INFORMATION SUPPLIED:
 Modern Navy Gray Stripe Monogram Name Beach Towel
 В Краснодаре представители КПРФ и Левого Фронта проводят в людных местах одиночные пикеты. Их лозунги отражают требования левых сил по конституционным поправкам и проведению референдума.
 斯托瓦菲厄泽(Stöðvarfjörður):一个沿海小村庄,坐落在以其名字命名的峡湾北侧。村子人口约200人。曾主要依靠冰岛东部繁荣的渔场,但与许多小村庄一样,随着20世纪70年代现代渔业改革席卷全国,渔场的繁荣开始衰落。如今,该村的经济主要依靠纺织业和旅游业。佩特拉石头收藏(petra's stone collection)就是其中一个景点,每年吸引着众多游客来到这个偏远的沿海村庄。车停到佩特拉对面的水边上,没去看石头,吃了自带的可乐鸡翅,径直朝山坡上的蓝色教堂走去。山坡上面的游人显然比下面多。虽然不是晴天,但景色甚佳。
---
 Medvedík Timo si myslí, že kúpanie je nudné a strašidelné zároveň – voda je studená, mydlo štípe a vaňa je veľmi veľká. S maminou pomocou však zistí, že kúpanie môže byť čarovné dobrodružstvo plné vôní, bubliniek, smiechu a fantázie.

INSTRUCTIONS FOR THE TASK: What you give back should be only the lines of the records above, starting at the line with "Modern Navy Gray" and ending at the line with "В Краснодаре представители", restated word for word.

WRITTEN REPLY:
 Modern Navy Gray Stripe Monogram Name Beach Towel
 В Краснодаре представители КПРФ и Левого Фронта проводят в людных местах одиночные пикеты. Их лозунги отражают требования левых сил по конституционным поправкам и проведению референдума.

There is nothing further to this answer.